▸ **What you have to do**: Copy out exactly the stretch below, from the line with "Permet de faire" through the line with "The visualization, via", both included; the pictures stay out.

▸ **Data for analysis**:
----

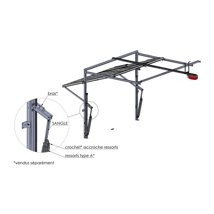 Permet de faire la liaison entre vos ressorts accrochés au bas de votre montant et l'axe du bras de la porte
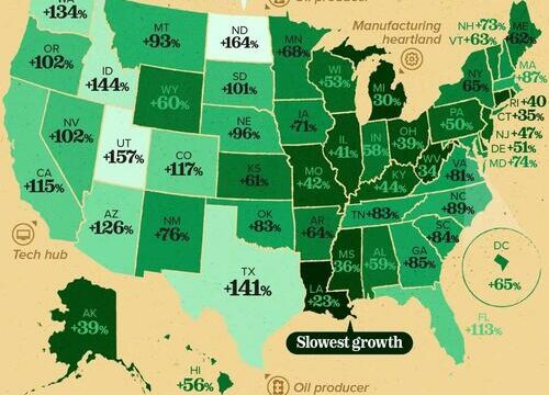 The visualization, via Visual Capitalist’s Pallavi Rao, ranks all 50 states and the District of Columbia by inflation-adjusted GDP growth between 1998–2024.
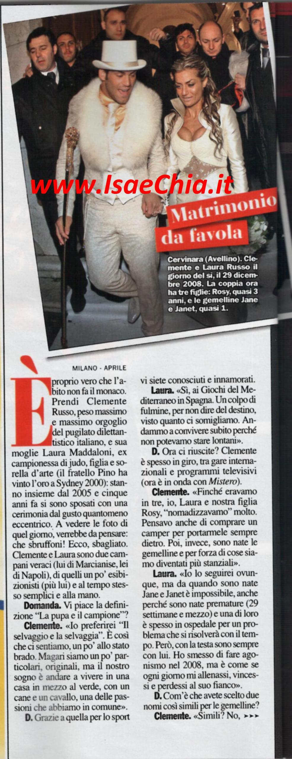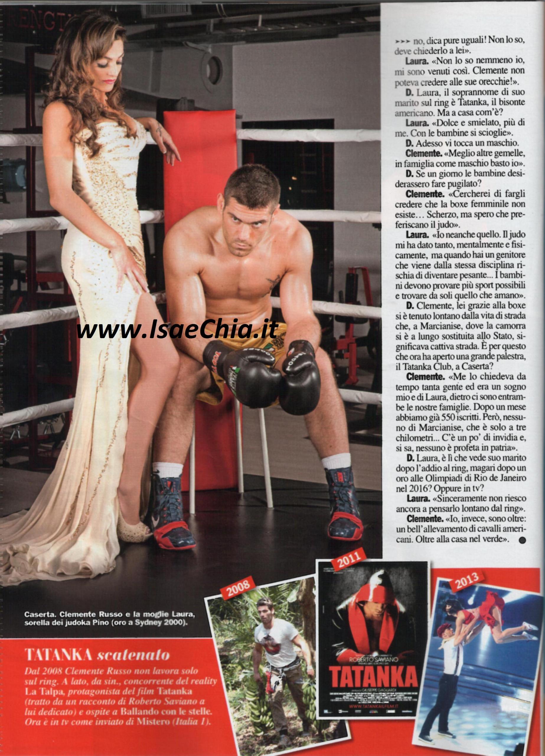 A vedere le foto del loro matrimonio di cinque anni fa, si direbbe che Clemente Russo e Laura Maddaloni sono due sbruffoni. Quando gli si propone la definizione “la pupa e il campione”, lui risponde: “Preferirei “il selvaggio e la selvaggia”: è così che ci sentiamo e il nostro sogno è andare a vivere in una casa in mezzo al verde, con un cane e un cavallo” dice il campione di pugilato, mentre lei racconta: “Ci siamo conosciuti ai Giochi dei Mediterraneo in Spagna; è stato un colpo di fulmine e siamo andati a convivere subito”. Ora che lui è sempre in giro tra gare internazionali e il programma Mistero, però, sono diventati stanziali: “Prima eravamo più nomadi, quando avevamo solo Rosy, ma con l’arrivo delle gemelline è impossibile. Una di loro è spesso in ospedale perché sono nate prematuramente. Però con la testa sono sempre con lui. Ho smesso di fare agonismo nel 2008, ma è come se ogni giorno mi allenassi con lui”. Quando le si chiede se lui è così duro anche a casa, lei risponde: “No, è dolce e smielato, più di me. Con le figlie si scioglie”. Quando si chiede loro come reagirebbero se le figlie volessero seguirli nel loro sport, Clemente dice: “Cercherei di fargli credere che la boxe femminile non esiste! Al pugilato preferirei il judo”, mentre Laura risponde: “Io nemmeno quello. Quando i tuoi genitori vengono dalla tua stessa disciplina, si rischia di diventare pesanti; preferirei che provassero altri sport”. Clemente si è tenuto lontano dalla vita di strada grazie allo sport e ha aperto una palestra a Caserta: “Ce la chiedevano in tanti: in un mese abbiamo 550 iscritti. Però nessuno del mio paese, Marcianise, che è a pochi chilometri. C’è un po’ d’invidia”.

----

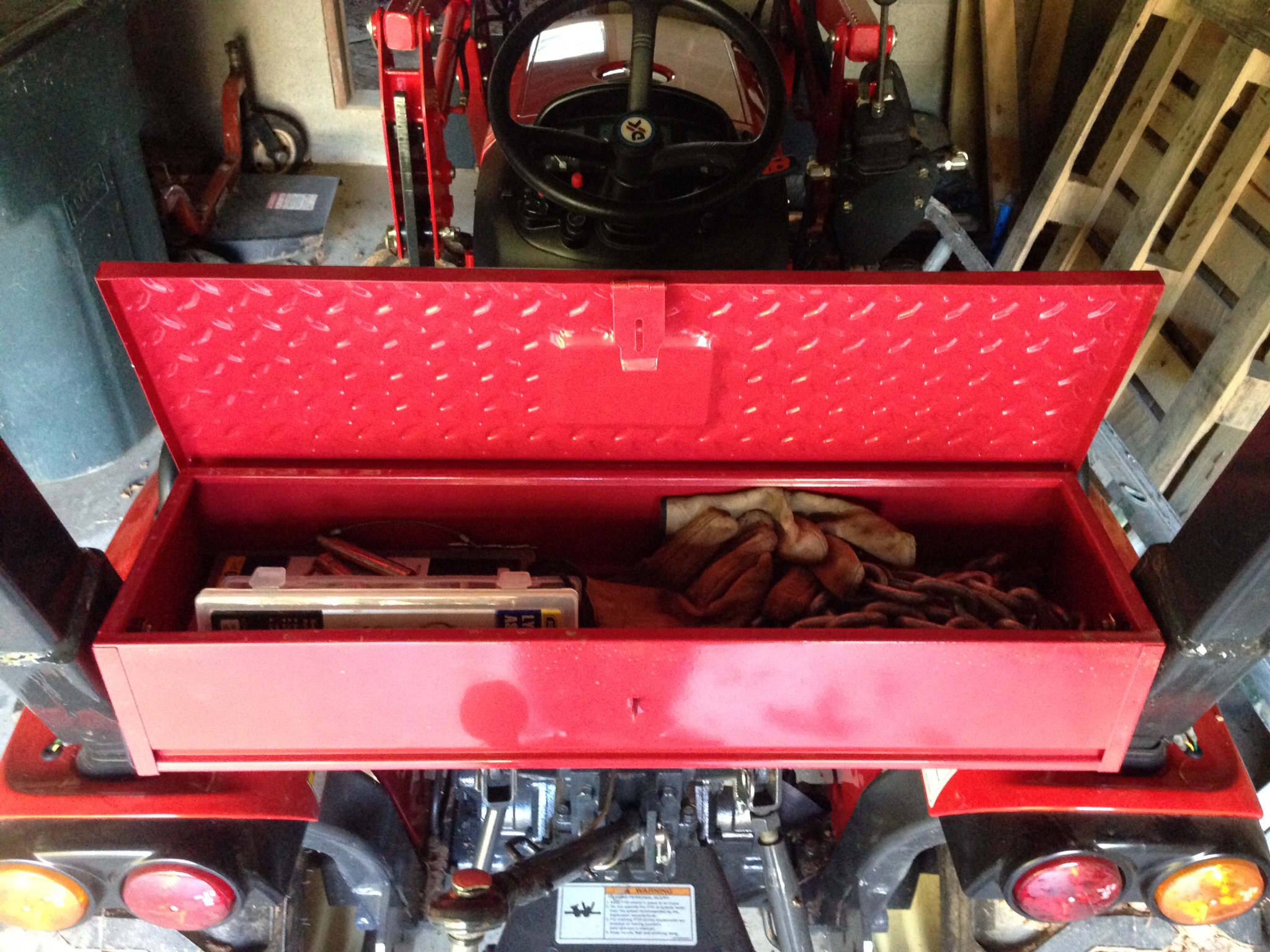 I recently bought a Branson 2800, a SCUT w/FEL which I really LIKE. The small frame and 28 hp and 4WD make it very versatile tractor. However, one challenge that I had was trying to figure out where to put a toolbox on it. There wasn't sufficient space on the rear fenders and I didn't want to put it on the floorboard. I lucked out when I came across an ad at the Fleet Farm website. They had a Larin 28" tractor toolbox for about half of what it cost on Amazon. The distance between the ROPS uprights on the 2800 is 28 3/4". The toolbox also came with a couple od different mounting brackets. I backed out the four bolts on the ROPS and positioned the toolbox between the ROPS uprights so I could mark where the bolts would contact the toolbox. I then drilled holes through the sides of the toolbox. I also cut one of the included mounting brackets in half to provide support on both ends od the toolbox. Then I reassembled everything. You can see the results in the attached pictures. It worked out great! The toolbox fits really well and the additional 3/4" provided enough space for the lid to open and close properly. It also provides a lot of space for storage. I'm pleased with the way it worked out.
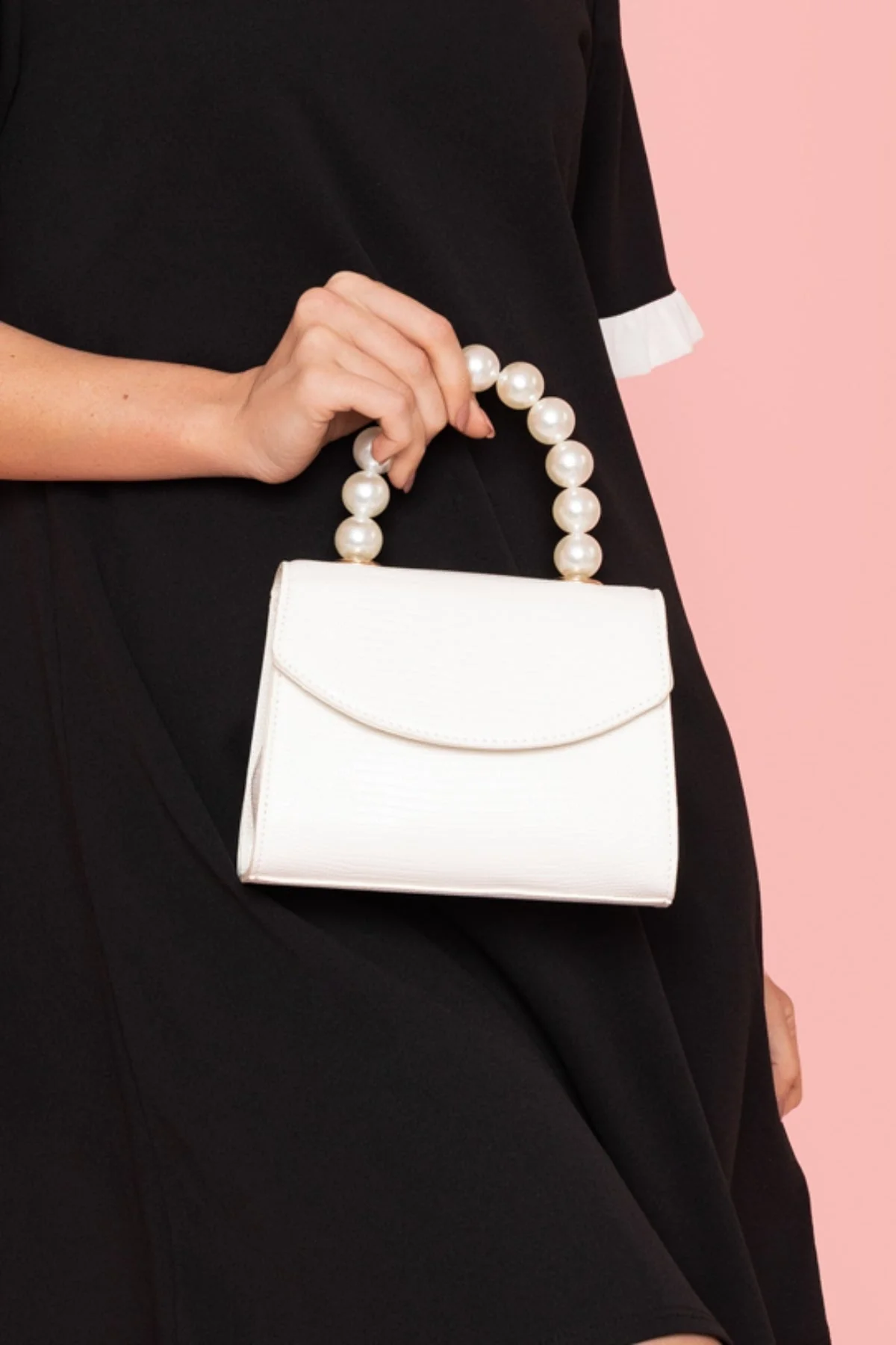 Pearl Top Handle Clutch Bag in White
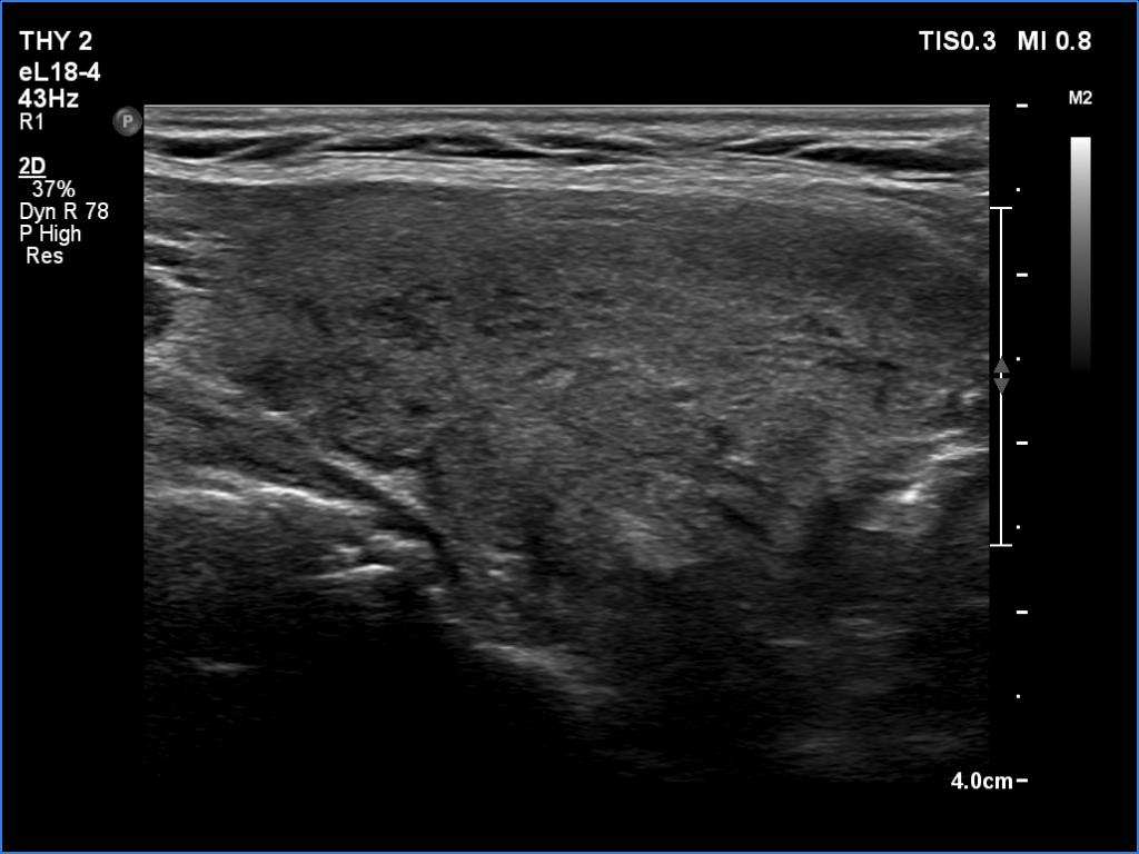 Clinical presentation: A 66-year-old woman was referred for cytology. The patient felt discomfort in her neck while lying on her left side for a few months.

----

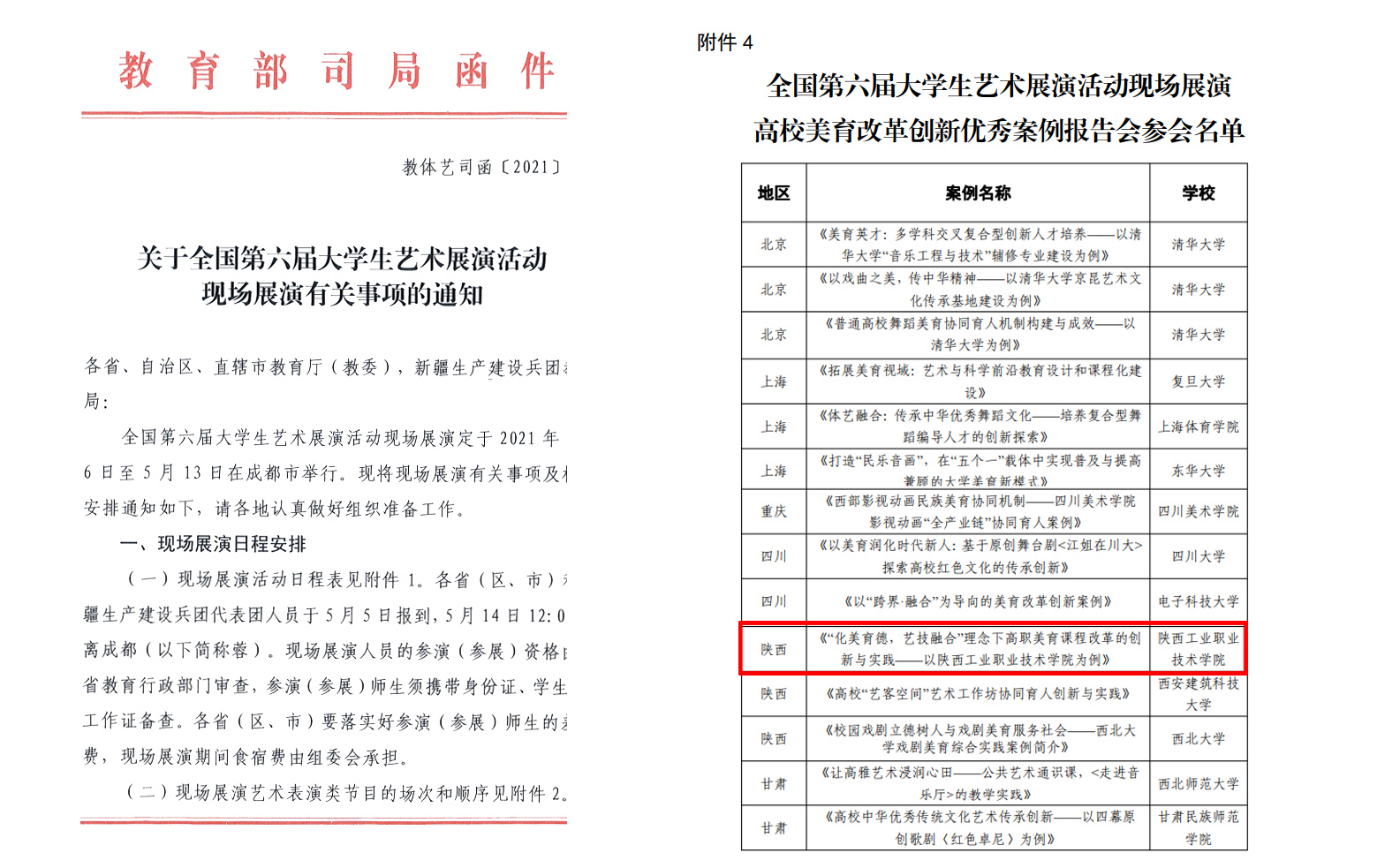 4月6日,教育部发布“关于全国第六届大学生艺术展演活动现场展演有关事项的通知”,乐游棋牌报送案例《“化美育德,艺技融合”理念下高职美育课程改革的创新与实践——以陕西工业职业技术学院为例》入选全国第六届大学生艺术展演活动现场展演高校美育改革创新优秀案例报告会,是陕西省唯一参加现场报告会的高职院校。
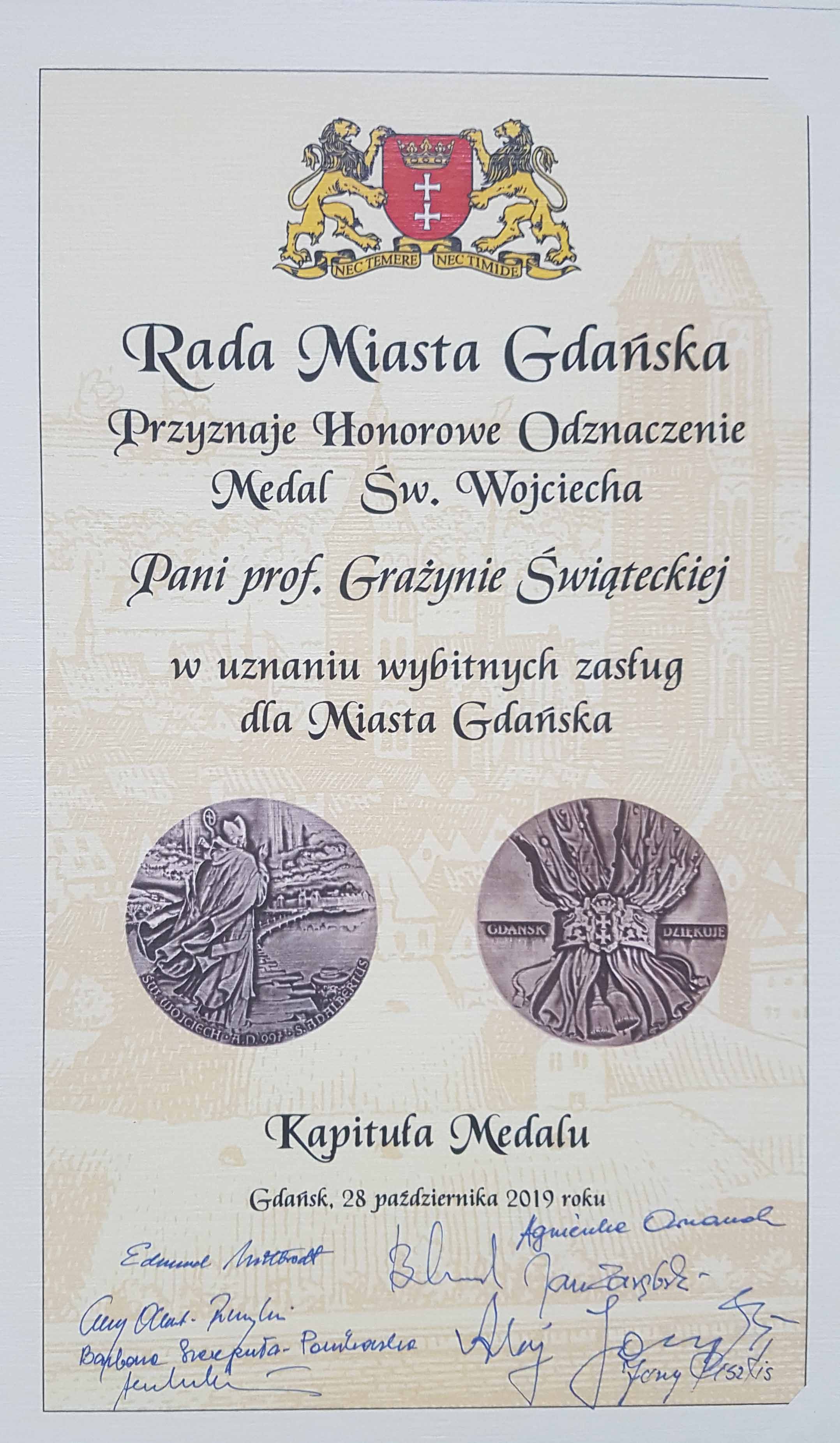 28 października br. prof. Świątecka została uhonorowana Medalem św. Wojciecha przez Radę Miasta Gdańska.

----

▸ **Result for this task**:
 Permet de faire la liaison entre vos ressorts accrochés au bas de votre montant et l'axe du bras de la porte
 The visualization, via Visual Capitalist’s Pallavi Rao, ranks all 50 states and the District of Columbia by inflation-adjusted GDP growth between 1998–2024.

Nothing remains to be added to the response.